L E tribunal écossais, qui s'est réuni pendant de longs mois à Camp Zeist, dans les Pays-Bas, pour juger deux hommes impliqués dans l'attentat de Lockerbie, a condamné à vie l'un des deux accusés et acquitté l'autre, contre lequel les charges étaient insuffisantes.
L'attentat à la bombe avait fait exploser en vol un Boeing de la Pan Am, causant la mort de 270 personnes. L'attentat a eu lieu en décembre 1988. Il aura donc fallu douze ans pour convaincre le gouvernement libyen, que l'on soupçonne toujours d'avoir ordonné l'attentat, que les exécutants devaient être jugés par des magistrats écossais. Exigeant un territoire neutre, le colonel Kadhafi a obtenu que le procès se déroule aux Pays-Bas.
Les familles des 270 victimes ne sont pas indignées, semble-t-il, par l'acquittement de l'un des accusés. Elles se satisfont de la condamnation de l'autre. Elles ont raison de voir dans le jugement l'application d'une justice exercée sur la base des preuves, dans un cadre démocratique, et dans une affaire exceptionnelle relevant du terrorisme pur où le droit des gens a été bafoué. L'instruction a été extrêmement longue, le procès aussi. La justice est lente mais elle finit par rattraper les coupables. C'est une leçon que les pays victimes de l'attentat viennent de donner à un régime totalitaire et imprévisible, disposé à commettre des crimes atroces pour « punir » des Etats avec lesquels il est en désaccord.
Malheureusement, le bras de la justice n'est pas assez long pour se saisir du vrai coupable, celui qui a ordonné cet attentat (et un autre commis contre un avion d'UTA). La Libye a accepté le verdict sans hésiter, pour en faire aussitôt une interprétation subjective : elle réclame la levée des sanctions économiques auxquelles elle est soumise et des indemnités pour les pertes de revenus occasionnées par ces sanctions. Cette arrogance et cette logique de l'absurde sont conformes à l'état mental du colonel Kadhafi, à qui on est tenté de répondre qu'il lui est trop facile de se défausser sur ses sicaires et qu'il est probablement l'organisateur de l'attentat. Ce qui revient à atténuer l'importance du jugement de Camp Zeist, le procès n'ayant mis en lumière que la partie émergée de l'iceberg.
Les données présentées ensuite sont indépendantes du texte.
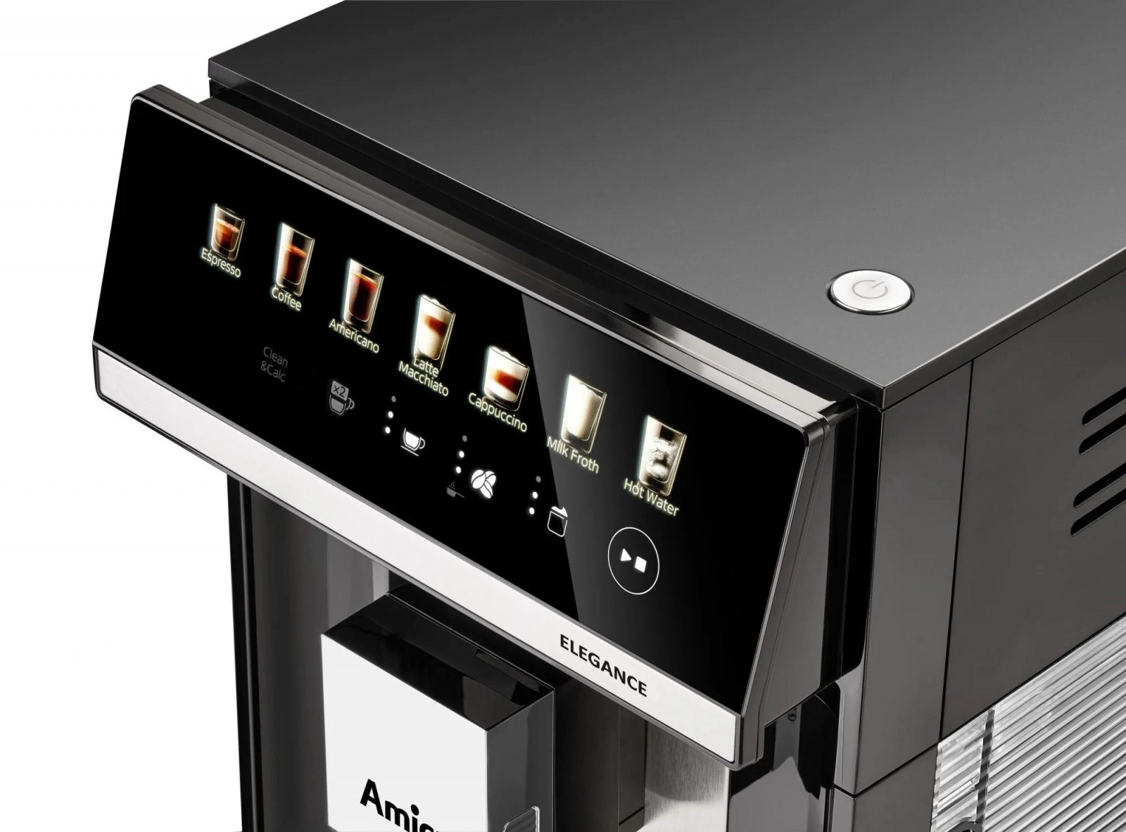 Amica Elegance to niezawodny automatyczny ekspres do przygotowania espresso, cappuccino i caffè latte w idealnych proporcjach. Dzięki stalowemu młynkowi mieli ziarna tuż przed ekstrakcją, a Ty wybierzesz 5 poziomów mielenia, aby uzyskać pożądaną intensywność smaku. Wysokie ciśnienie gwarantuje pełny aromat i kremową piankę, a system SuperCrema dopełnia każdy kubek bogatą cremą.
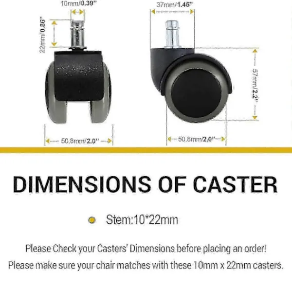 Perfekt för alla golv: Dessa hjul är tillverkade av nylongummi och är gjorda för att skydda trägolv, laminat, kakel, skiffer och alla andra hårda golv från skador och repor.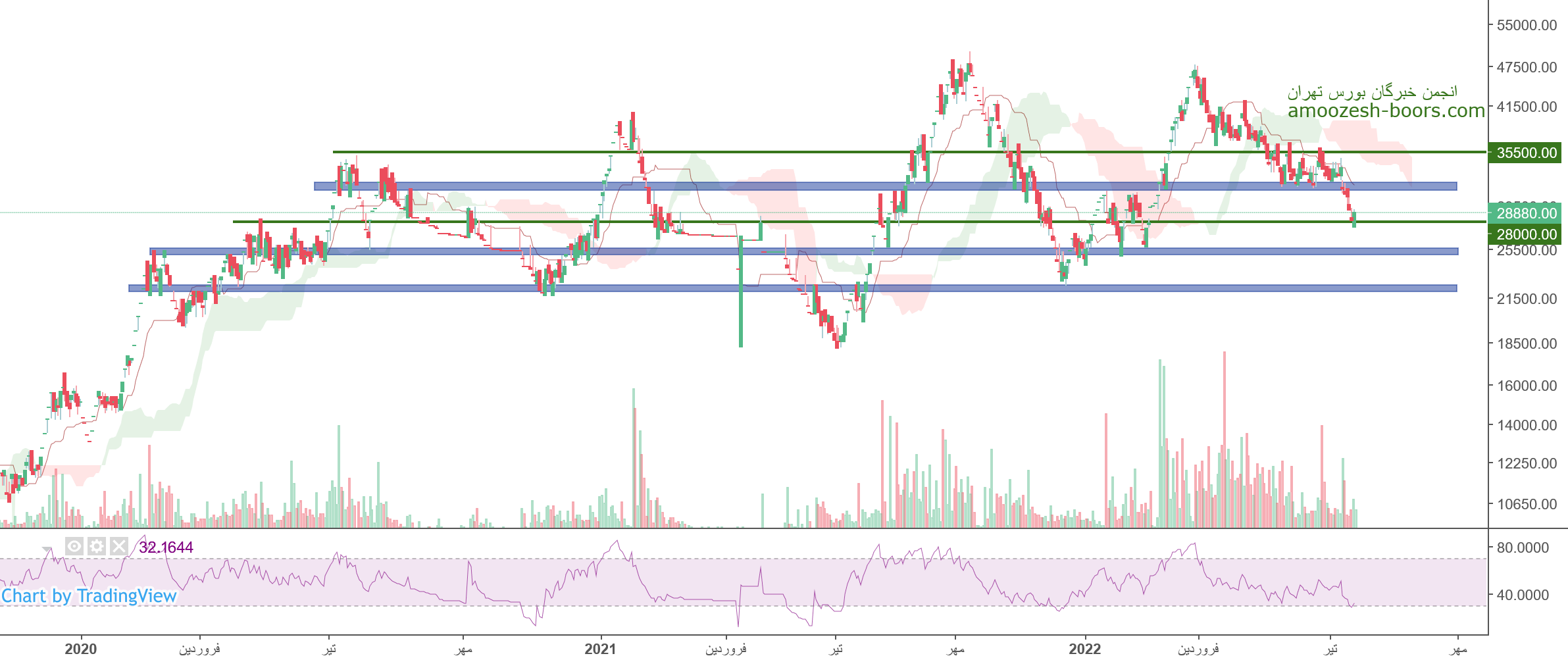 قیمت سهم خلنت در حال حاضر حمایت 28000 ریال را دارا میباشد، در صورت تثبیت قیمت، حرکت سهم تا 32000 ریال دور از ذهن نخواهد بود، همچنین در صورت از دست رفتن این حمایت، حمایت بعدی 25000 ریال خواهد بود که در این صورت حد ضرر فعال میگردد.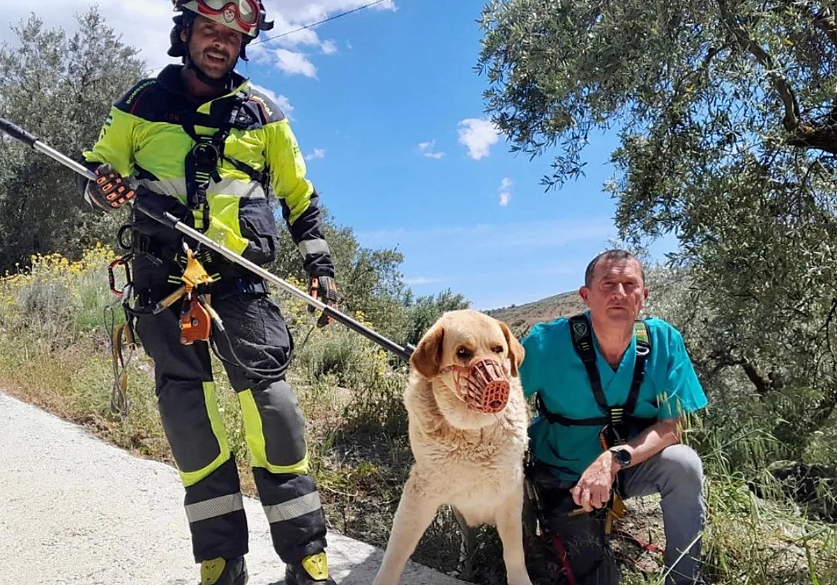 Consorcio Provincial de Bomberos firefighters, police officers and a vet were called out to rescue the dog on Saturday 18 May after it became trapped in the chasm in the Arroyo de los Moriscos area of the municipality.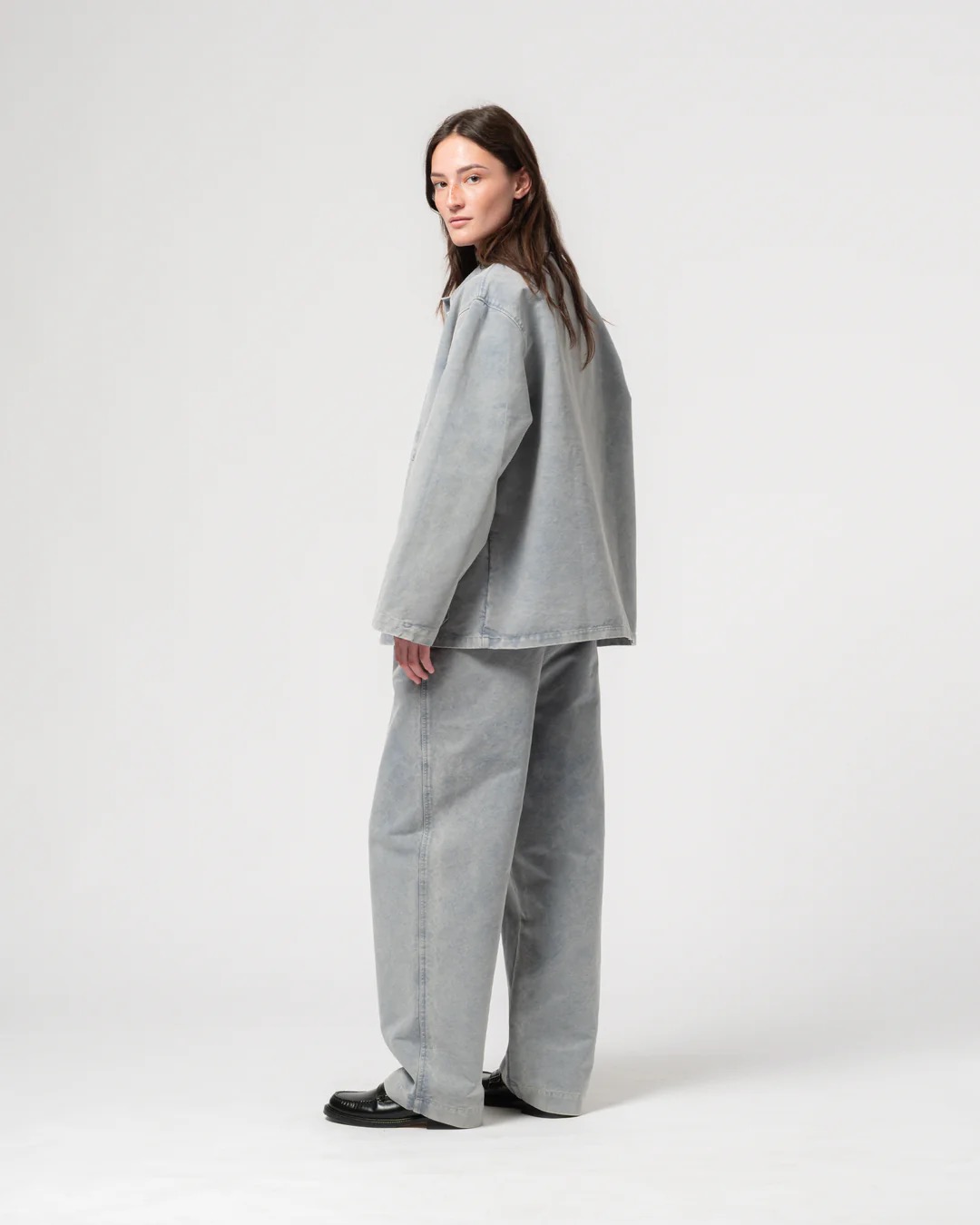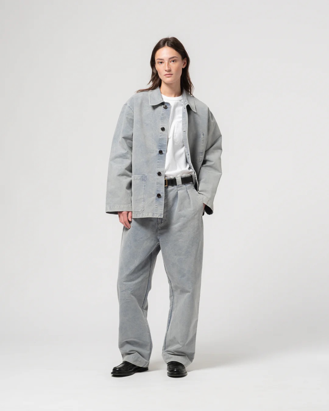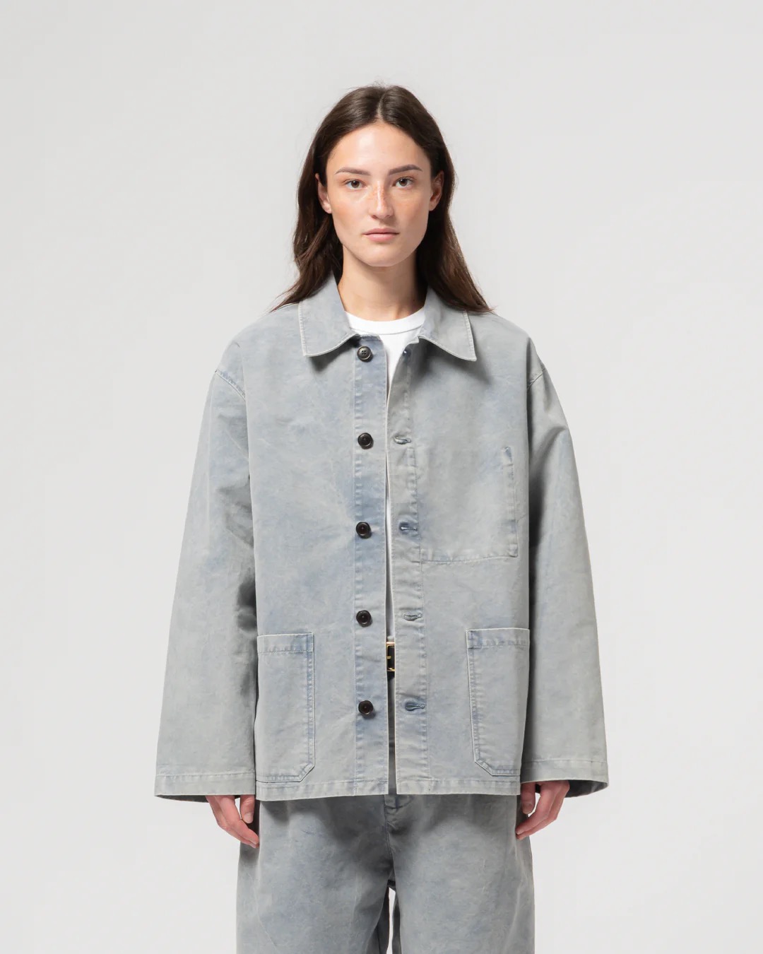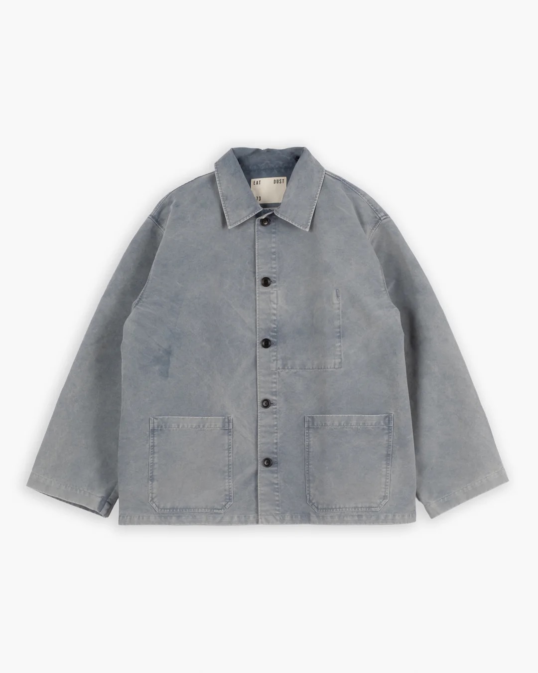 Jakke i kraftig vasket bomuld med afslappet pasform og let dropped skuldre. Modellen har krave, corozo-knaplukning, to store frontlommer og en indvendig lomme. En enkel worker-jakke med god rummelighed, lavet til at holde i mange år.

Il ne serait pas raisonnable d'imaginer une poursuite de l'enquête qui conduirait au deus ex machina. M. Kadhafi a le temps de mourir de vieillesse avant que la justice, écossaise ou internationale, puisse s'emparer de lui. D'autant qu'on ne travaille pas, en l'occurrence, dans le seul domaine du droit et que les intérêts politiques et économiques compliquent les démarches des magistrats, qui ne souhaitent pas sortir du cadre exclusivement juridique.
C'est important et utile d'avoir condamné l'un des auteurs de l'attentat. Mais la justice, aussi indépendante qu'elle soit, ne peut pas s'affranchir, dans cette affaire, des influences pétrolières ou géopolitiques. Pour qu'elle condamne un jour le principal coupable, il faudrait qu'elle écarte la raison d'Etat.